3.3. Impact of Feature Extraction Using SNN

To demonstrate the effectiveness of the SNN as a feature extractor, we visualized the dimensionality reduction results for the silicon wafer dataset using Principal Component Analysis (PCA). Figure 4 compares the original 152-dimensional feature space (left) to the SNN-transformed feature space (right), reduced to 64 dimensions.
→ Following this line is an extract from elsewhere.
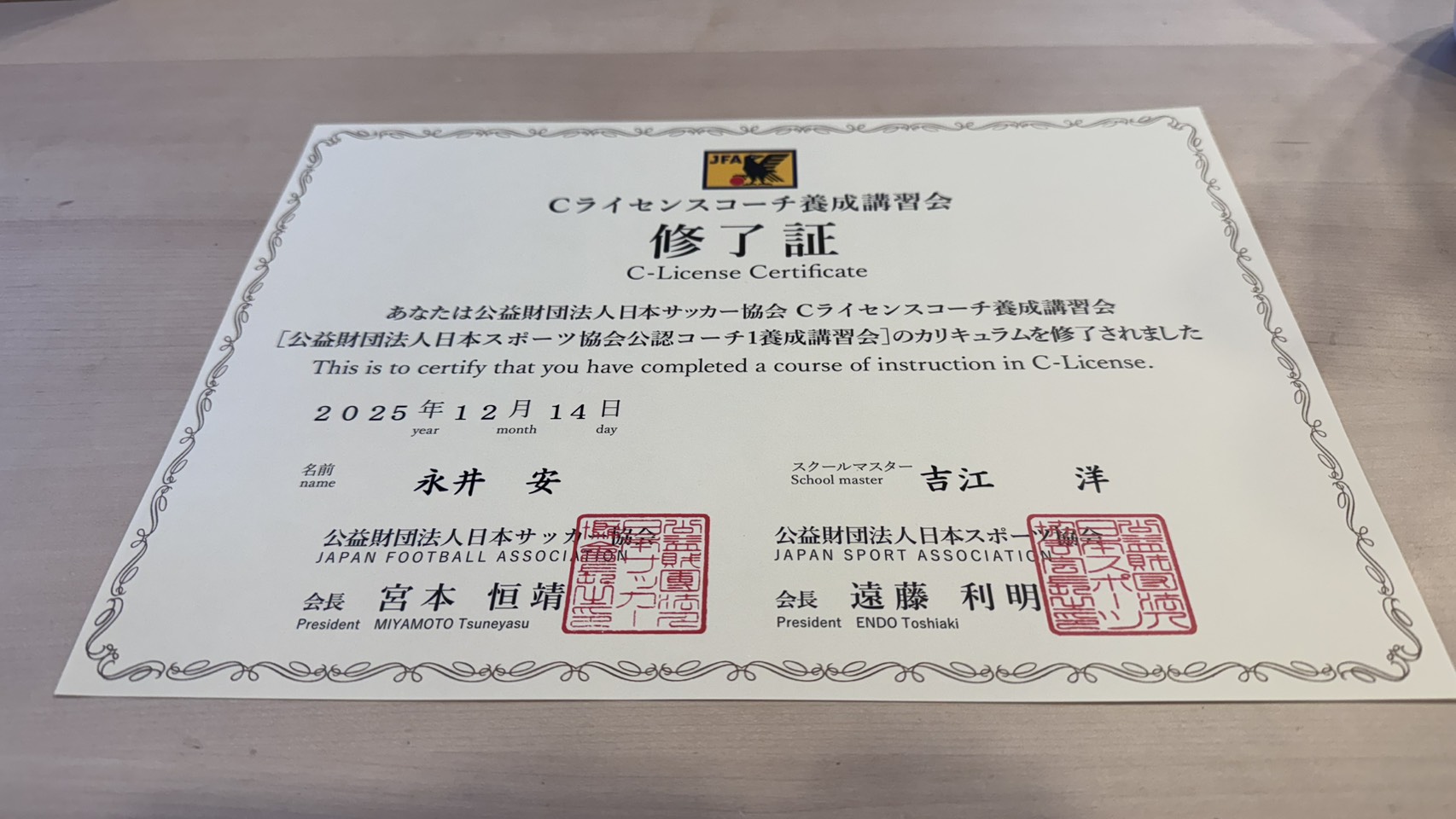 JFA公認C級コーチライセンスを取得しました。

The separation between normal and anomalous instances becomes more distinct after feature mapping through the SNN, increasing the cumulative explained variance from 78% to 82%. This result indicates that the SNN enhances class separability, leading to improved classification performance in high-dimensional structured data.
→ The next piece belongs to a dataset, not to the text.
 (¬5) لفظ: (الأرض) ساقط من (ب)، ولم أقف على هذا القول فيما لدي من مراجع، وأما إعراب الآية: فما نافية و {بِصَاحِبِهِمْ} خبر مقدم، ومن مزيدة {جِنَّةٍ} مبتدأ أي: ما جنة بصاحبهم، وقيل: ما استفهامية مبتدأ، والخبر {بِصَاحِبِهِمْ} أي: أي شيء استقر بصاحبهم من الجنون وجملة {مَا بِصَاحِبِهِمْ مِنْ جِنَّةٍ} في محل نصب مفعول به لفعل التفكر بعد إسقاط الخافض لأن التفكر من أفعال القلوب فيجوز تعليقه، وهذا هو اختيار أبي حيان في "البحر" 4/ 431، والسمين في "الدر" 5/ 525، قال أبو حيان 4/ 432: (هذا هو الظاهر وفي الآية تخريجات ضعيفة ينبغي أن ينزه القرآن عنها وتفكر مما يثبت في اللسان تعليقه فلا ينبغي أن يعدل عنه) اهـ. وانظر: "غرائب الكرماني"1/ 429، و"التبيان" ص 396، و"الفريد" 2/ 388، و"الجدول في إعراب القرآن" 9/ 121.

3.4. Effect of Varying Anomaly Ratios on Model Performance

Given the practical significance of handling imbalanced datasets, we investigated the impact of different anomaly ratios on model performance. By systematically reducing the proportion of anomalies in the wafer dataset, we observed how models adapt to increasing class imbalance. Under each anomaly ratio, five sets of training and testing data were randomly sampled to ensure robust evaluation. Figure 5, Figure 6, Figure 7, Figure 8, Figure 9 and Figure 10 summarize the average performance and standard deviation of each model across six different anomaly ratios: 5.28%, 2.57%, 1.08%, 0.51%, 0.25%, and 0.11%. The proposed SNN + RF and SNN + SVM consistently achieve the highest F1-Score, G-Mean, and Balanced Accuracy across all anomaly ratios. Notably, as the anomaly ratio decreases, conventional supervised models such as SVM and RF suffer from performance degradation, whereas SNN-based models remain robust, maintaining high predictive accuracy even when anomalies represent just 0.11% of the dataset. This underscores the effectiveness of SNN feature transformation in addressing extreme class imbalance.
Conversely, OCSVM and IF demonstrate strong Recall but at the expense of a high false positive rate, reinforcing that traditional anomaly detection models tend to prioritize Sensitivity over Precision. These findings suggest that for real-world applications where anomalies are rare and costly to misclassify, a feature extraction approach using SNN enhances stability and overall detection performance.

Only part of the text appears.